On Friday, April 24, 2020, the Small Business Administration (SBA) published an Interim Final Rule (IFR) governing the Paycheck Protection Program (PPP) of the Coronavirus Aid, Relief and Economic Security Act (CARES Act). In Section 2 of the IFR, entitled “Clarification Regarding Eligible Businesses,” the SBA expressly foreclosed the ability of hedge funds and private equity firms to obtain PPP loans:

Hedge funds and private equity firms are primarily engaged in investment or speculation, and such businesses are therefore ineligible to receive a PPP loan. The Administrator, in consultation with the Secretary, does not believe that Congress intended for these types of businesses, . . ., to obtain PPP financing.

See IFR Part III, 2(a)(emphasis added). Under SBA regulations and Standard Operating Procedures for the SBA 7(a) loan program existing prior to the CARES Act, undefined “investment companies” and “[s]peculative businesses (such as oil wildcatting)” were ineligible to receive loans. 13 CFR 120.110(f); SBA Standard Operating Procedure (SOP) 50 10 5(k) at page 104. Furthermore, under limited circumstances the SBA SOP provided that “a business engaged in providing the services as a financial advisor on a fee basis” may be eligible for SBA loans provided that the loans were not used to invest in their own portfolio investments. This SOP could have been interpreted to allow entities with a primary business as a hedge fund or private equity firm themselves to be eligible for PPP loans. This argument appears to be foreclosed by the IFR for entities that primarily operate as private equity or hedge fund firms.
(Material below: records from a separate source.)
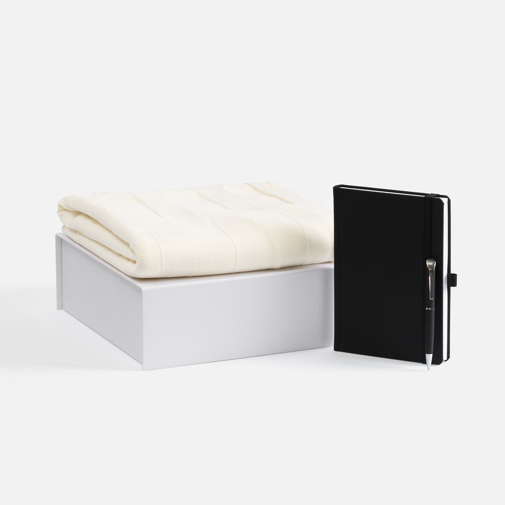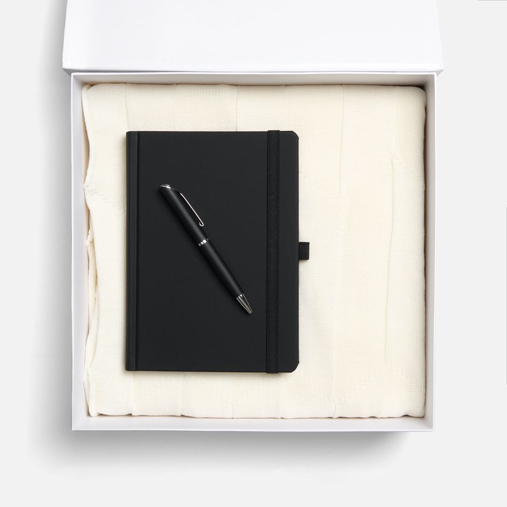 - Однотонный набор с основной канцелярией и пледом — классика жанра в уютном исполнении. С компактным ежедневником будет удобно делать заметки в любое время — благодаря петельке для ручки любимый пишущий инструмент будет всегда под рукой. А изысканный акриловый плед с геометрическим узором позволит выразить самые теплые пожелания и ддобавит плавных линий в интерьер.
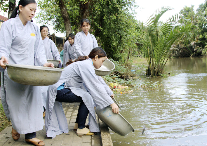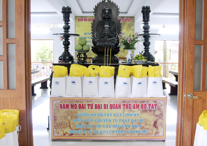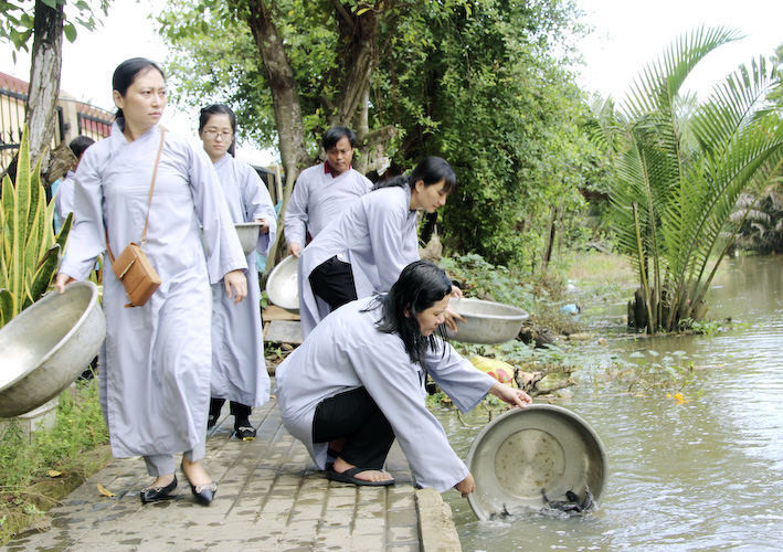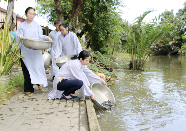 Vào lúc 09 giờ sáng, chương trình của buổi lễ kỳ an được bắt đầu gồm nghi thức phóng sanh và sau đó là nghi thức tụng Phẩm Quán Thế Âm Bồ Tát Phổ Môn, phẩm thứ 25, Kinh Diệu Pháp Liên Hoa. Xin hướng nguyện công đức lành nầy cầu cho các công ty có tên trong danh sách luôn gặp nhiều thắng duyên trong việc kinh doanh và cầu cho toàn thể ban lãnh đạo các công ty cho đến toàn thể cán bộ công nhân viên hiện tiền được vạn sự bình an – kiết tường như ý.
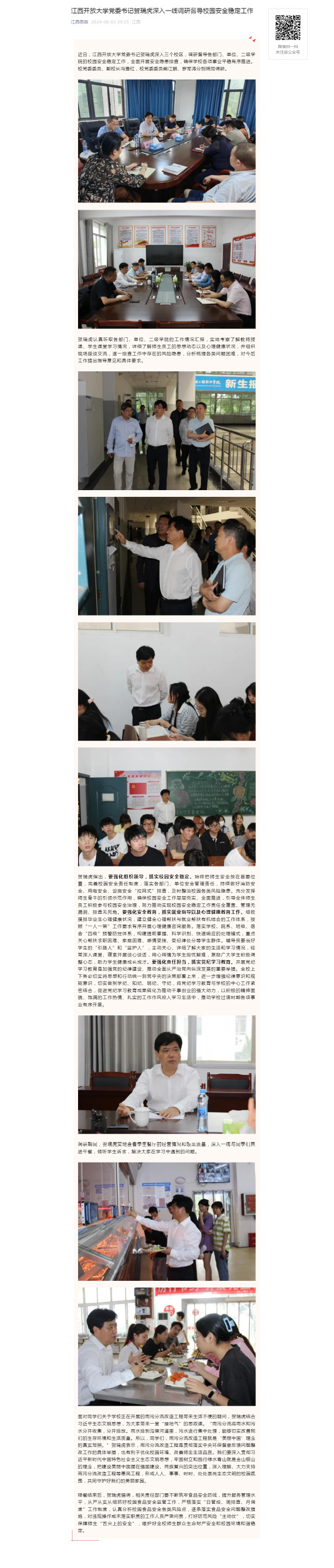 近日,AC米兰中文官方网站党委书记贺瑞虎深入三个校区,调研督导各部门、单位、二级学院的校园安全稳定工作,全面开展安全隐患排查,确保学校各项事业平稳有序推进。校党委委员、副校长冯豫红,校党委委员熊江鹏、罗军涛分别陪同调研。原文地址:https://mp.weixin.qq.com/s?__biz=MzI1OTM4MDMzMA==&mid=2247590623&idx=3&sn=890b017e8707ef80508e321cf57bf022&chksm=ea7ae7dadd0d6ecc34d69c8a2989749fdb476597314044b5b7a6aa6d50d4dc8f7231efcf9591&mpshare=1&scene=23&srcid=0604IhdFx8INWZB6Nicnp2mD&sharer_shareinfo=27955339751b49c9cd3c3d3dc63b0533&sharer_shareinfo_first=27955339751b49c9cd3c3d3dc63b0533#rd (责任编辑:罗楚颖)
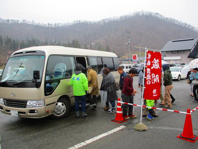 道の駅たかはたの駐車場から、シャトルバス1台、ワゴン車3台で
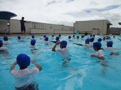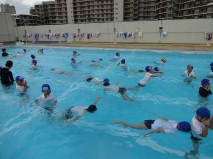 プールで着衣泳の学習をしました。服を着たまま浮いたり泳いだりしました。普段の水着とは違う抵抗感があることに驚いていました。

Importantly, the IFR’s prohibition on eligibility does not extend to the portfolio companies of private equity firms, which are still permitted to seek such loans “in the same manner as any other business subject to outside ownership or control.” The IFR shines a bright light, however, on a PPP applicant’s certification in the existing PPP loan documents: “[A]ll borrowers should carefully review the required certification . . . that [c]urrent economic uncertainty makes this loan request necessary to support the ongoing operations of the Applicant.” See IFR Part II, 2(b)(emphasis added). The IFR does not, however, repeat language from an FAQ released a day earlier which stated that borrowers should “tak[e] into account their current business activity and their ability to access other sources of liquidity sufficient to support their ongoing operations in a manner that is not significantly detrimental to the business.” See https://home.treasury.gov/system/files/136/Paycheck-Protection-Program-Frequently-Asked-Questions.pdf, at FAQ 31.

The IFR does provide a “Safe Harbor” for companies that previously received PPP loans, but that may have concerns about their ability to prove “necessity”: “Any borrower that applied for a PPP loan prior to the issuance of this regulation and repays the loan in full by May 7, 2020 will be deemed by SBA to have made the required certification in good faith.” See IFR Part II, 5. Thus, to the extent firms have received PPP loans, or have PPP loan applications pending, prudence suggests conferring with counsel regarding whether the Treasury Department’s recent guidance alters their strategy.